### Exercise goal
Exactly as written and without the pictures, output the entries below.

:: Supplied material

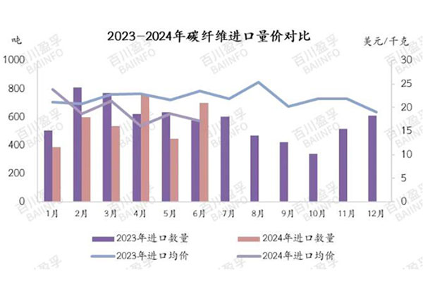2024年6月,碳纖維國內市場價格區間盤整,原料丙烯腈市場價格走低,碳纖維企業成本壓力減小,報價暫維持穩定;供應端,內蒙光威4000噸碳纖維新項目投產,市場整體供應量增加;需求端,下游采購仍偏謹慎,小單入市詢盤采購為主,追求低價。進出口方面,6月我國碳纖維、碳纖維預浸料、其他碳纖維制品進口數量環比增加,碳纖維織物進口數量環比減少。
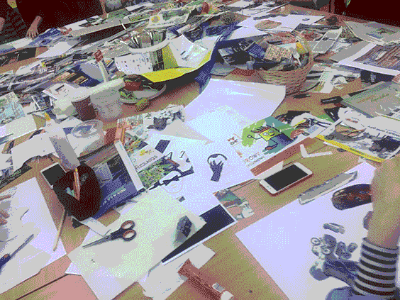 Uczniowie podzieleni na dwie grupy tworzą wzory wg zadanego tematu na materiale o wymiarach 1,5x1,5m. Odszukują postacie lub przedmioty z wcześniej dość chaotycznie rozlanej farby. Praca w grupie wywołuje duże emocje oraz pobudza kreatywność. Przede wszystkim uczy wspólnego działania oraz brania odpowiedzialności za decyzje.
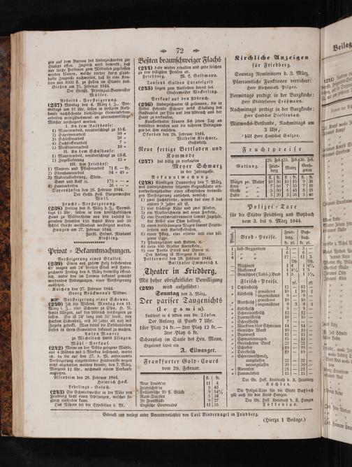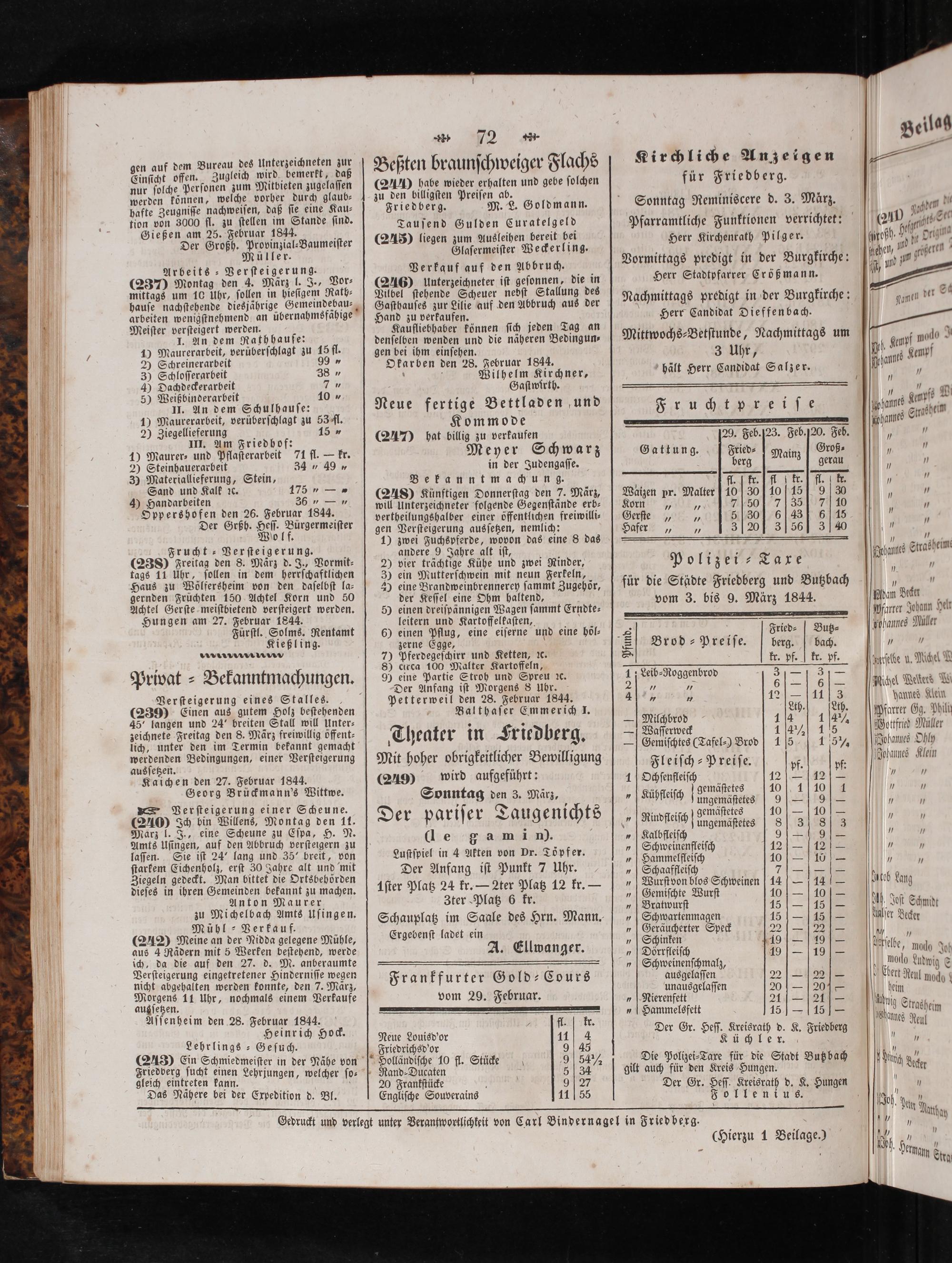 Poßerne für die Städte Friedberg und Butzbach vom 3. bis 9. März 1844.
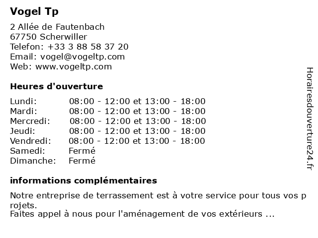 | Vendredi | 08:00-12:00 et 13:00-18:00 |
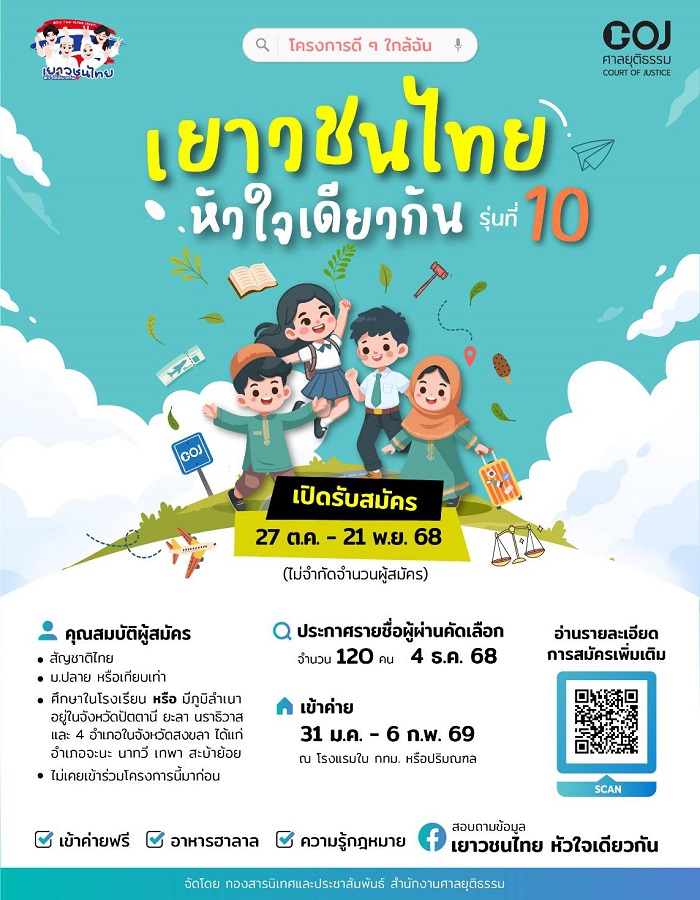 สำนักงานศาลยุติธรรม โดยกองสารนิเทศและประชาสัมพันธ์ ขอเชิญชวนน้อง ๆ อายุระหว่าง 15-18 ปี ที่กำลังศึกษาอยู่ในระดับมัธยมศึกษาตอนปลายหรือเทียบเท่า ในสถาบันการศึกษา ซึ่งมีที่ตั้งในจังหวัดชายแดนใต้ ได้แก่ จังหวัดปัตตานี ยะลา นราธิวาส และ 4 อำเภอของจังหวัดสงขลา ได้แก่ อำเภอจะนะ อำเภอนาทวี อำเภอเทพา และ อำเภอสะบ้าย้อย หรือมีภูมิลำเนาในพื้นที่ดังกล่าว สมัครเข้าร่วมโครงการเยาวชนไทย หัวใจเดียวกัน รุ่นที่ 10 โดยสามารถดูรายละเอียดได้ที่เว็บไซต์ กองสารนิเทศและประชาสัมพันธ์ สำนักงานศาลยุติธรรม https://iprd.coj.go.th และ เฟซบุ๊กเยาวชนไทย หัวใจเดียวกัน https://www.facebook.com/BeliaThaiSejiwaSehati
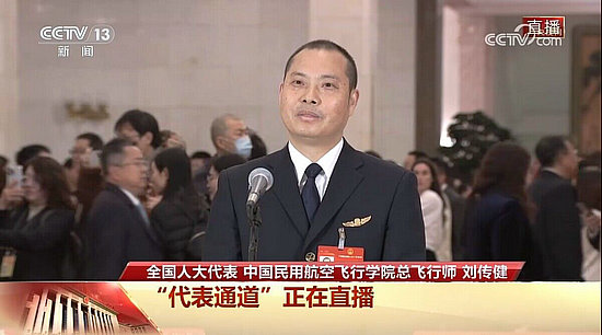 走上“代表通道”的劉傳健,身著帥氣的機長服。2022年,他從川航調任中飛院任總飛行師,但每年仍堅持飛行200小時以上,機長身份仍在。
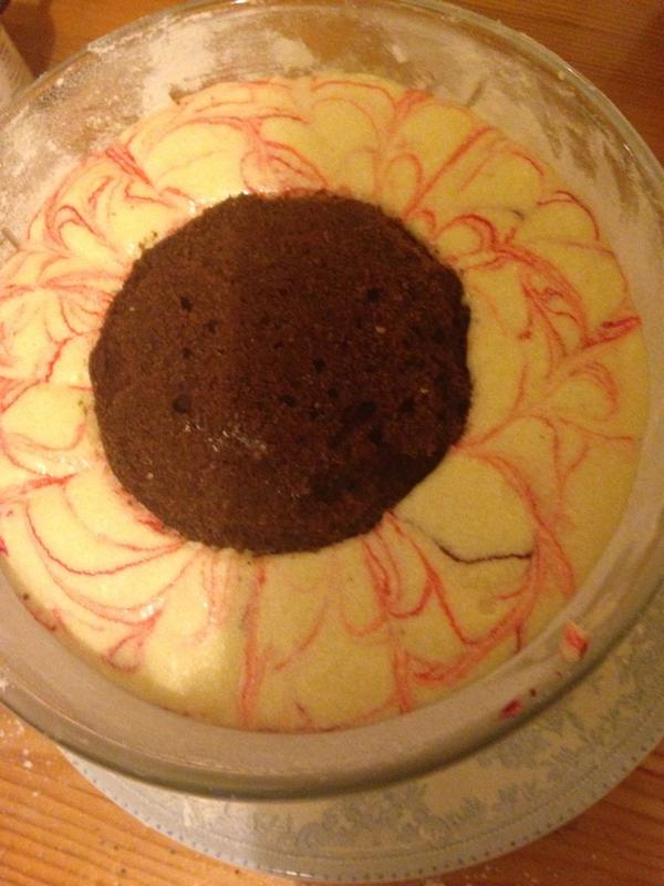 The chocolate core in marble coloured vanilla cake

::::

### Response to the exercise
2024年6月,碳纖維國內市場價格區間盤整,原料丙烯腈市場價格走低,碳纖維企業成本壓力減小,報價暫維持穩定;供應端,內蒙光威4000噸碳纖維新項目投產,市場整體供應量增加;需求端,下游采購仍偏謹慎,小單入市詢盤采購為主,追求低價。進出口方面,6月我國碳纖維、碳纖維預浸料、其他碳纖維制品進口數量環比增加,碳纖維織物進口數量環比減少。
 Uczniowie podzieleni na dwie grupy tworzą wzory wg zadanego tematu na materiale o wymiarach 1,5x1,5m. Odszukują postacie lub przedmioty z wcześniej dość chaotycznie rozlanej farby. Praca w grupie wywołuje duże emocje oraz pobudza kreatywność. Przede wszystkim uczy wspólnego działania oraz brania odpowiedzialności za decyzje.
 Poßerne für die Städte Friedberg und Butzbach vom 3. bis 9. März 1844.
 | Vendredi | 08:00-12:00 et 13:00-18:00 |
 สำนักงานศาลยุติธรรม โดยกองสารนิเทศและประชาสัมพันธ์ ขอเชิญชวนน้อง ๆ อายุระหว่าง 15-18 ปี ที่กำลังศึกษาอยู่ในระดับมัธยมศึกษาตอนปลายหรือเทียบเท่า ในสถาบันการศึกษา ซึ่งมีที่ตั้งในจังหวัดชายแดนใต้ ได้แก่ จังหวัดปัตตานี ยะลา นราธิวาส และ 4 อำเภอของจังหวัดสงขลา ได้แก่ อำเภอจะนะ อำเภอนาทวี อำเภอเทพา และ อำเภอสะบ้าย้อย หรือมีภูมิลำเนาในพื้นที่ดังกล่าว สมัครเข้าร่วมโครงการเยาวชนไทย หัวใจเดียวกัน รุ่นที่ 10 โดยสามารถดูรายละเอียดได้ที่เว็บไซต์ กองสารนิเทศและประชาสัมพันธ์ สำนักงานศาลยุติธรรม https://iprd.coj.go.th และ เฟซบุ๊กเยาวชนไทย หัวใจเดียวกัน https://www.facebook.com/BeliaThaiSejiwaSehati
 走上“代表通道”的劉傳健,身著帥氣的機長服。2022年,他從川航調任中飛院任總飛行師,但每年仍堅持飛行200小時以上,機長身份仍在。
 The chocolate core in marble coloured vanilla cake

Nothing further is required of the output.